I find that 500 bytes is too short for some messages and instead opt for the first 1000 bytes. If you choose to display just the header, you’ll have to manually click each e-mail you’d like to read in its entirety and reconnect to your e-mail service to download the full message(s). It’s a big pain most of the time. The first 1000 bytes should give you most or all of each message so that you can either delete or reply without going through a bunch of extra steps. Be careful, though. If you get a lot of large e-mails (with attachments, for instance), it’ll take a while to download even 1000 bytes of each message and it’ll drain your battery much faster than normal.

AUTOMATICALLY CHECKING FOR MESSAGES
In the interest of battery life, if you get more than 25 e-mails each day, set this option to Once a day or Never. If you need to constantly check your e-mail, just open up the program and do a manual Send and Receive every time you want to get your new messages. All it takes is one instance where your phone tries to automatically check for messages when you’ve got a weak signal and the amount of time it takes to slowly download everything sucks the life right out of your battery.

Use your phone as a flashlight

This is one of my favorite tricks whenever anybody drops something under a table in a restaurant and it always gets a "of course Doug has a flashlight built into his phone" comment, but it’s ridiculously simple and most people with Windows Mobile devices can do the same thing if your device has a built-in camera and flash.

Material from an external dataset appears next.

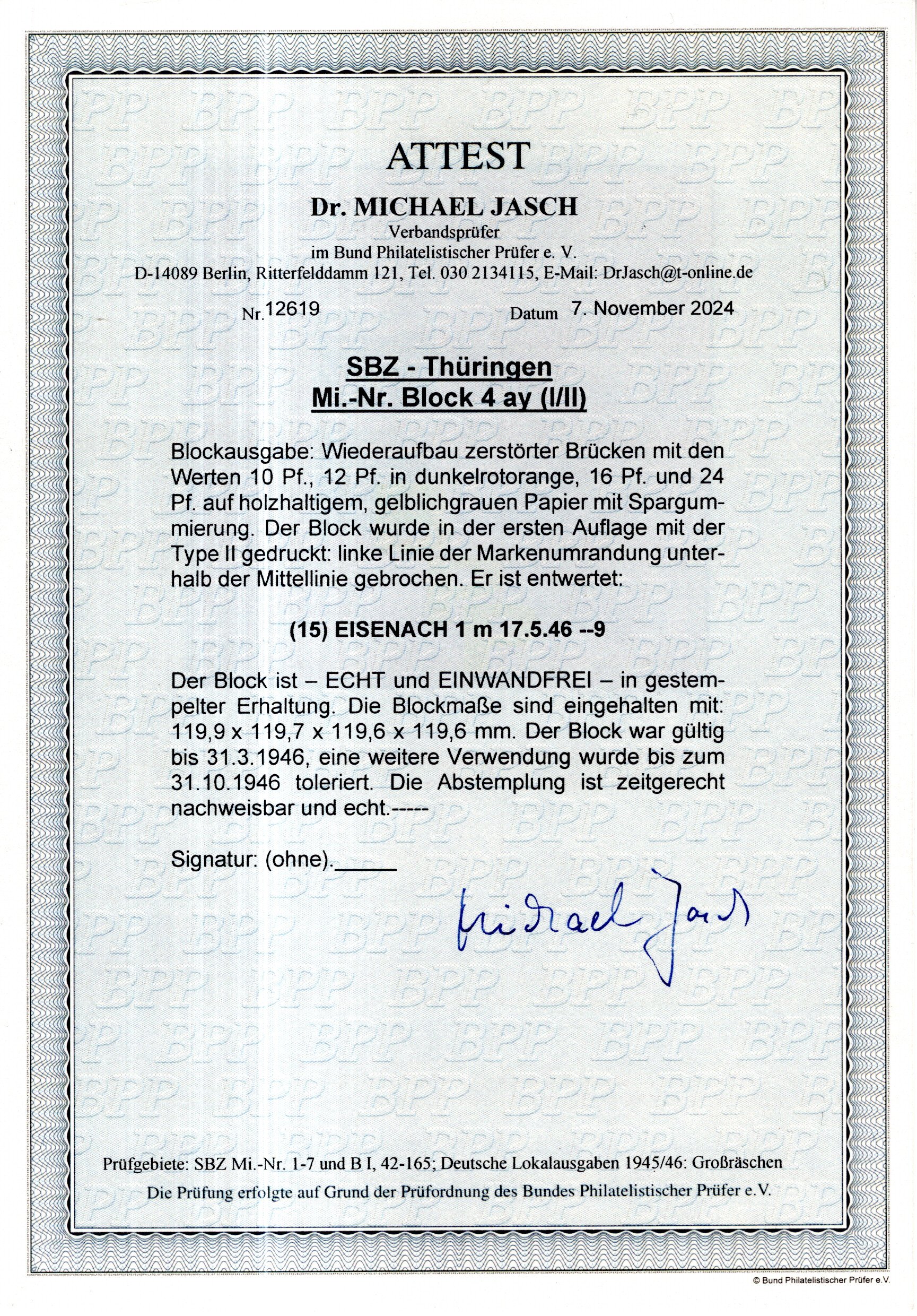 laut Fotoattest Zierer mit echtem Stpl. "Eisenach 25.9.46 nachträglich entwertet" (Image) (image2)

Simply navigate to your camera program and turn on the flash. It should stay illuminated until you turn it off. On most devices, it’s a focused beam of light instead of an actual flash that illuminates an area at the exact moment that you take a photo. Use this trick sparingly, though. It’s a huge drain on your battery.

Quickly turn various connections on and off

This will be done differently depending on your phone but most devices have a hardware button that you can hold down to quickly access your connection settings. It’s great if you’re getting on a plane, going into a meeting, or just want to conserve some battery life.

On the PPC-6700, for instance, you can hold down the Internet Explorer button to access this feature. On the Motorola Q, you hold down the home button. Check your device’s manual to figure out which button to use on your own phone.

I keep the Bluetooth function of my phone off at all times and I’d suggest you do the same unless you use that feature all the time. It’s a pretty good drain on the battery. Likewise, if your phone has a wireless network connection, you can keep that turned off unless you use a wireless connection in your home or office frequently. On my PPC-6700, I found that my connection to Sprint’s network was fast enough that being connected to my wireless network at home didn’t provide enough extra speed to justify the battery drain. Your mileage may vary, especially depending upon which network you use.

More tips and tricks

Anyone out there have any really simple, quick tricks? There’s a lot of really good device-specific information in PDAPhoneHome.com’s forums section and other sites like it if you have questions about your particular phone. HowardForums is also a really good resource and there are a lot of sites that cater specifically to one particular phone model. Just search for your phone or a phone you’re thinking of buying and you’ll be able to find plenty of info by real people who use the technology every day.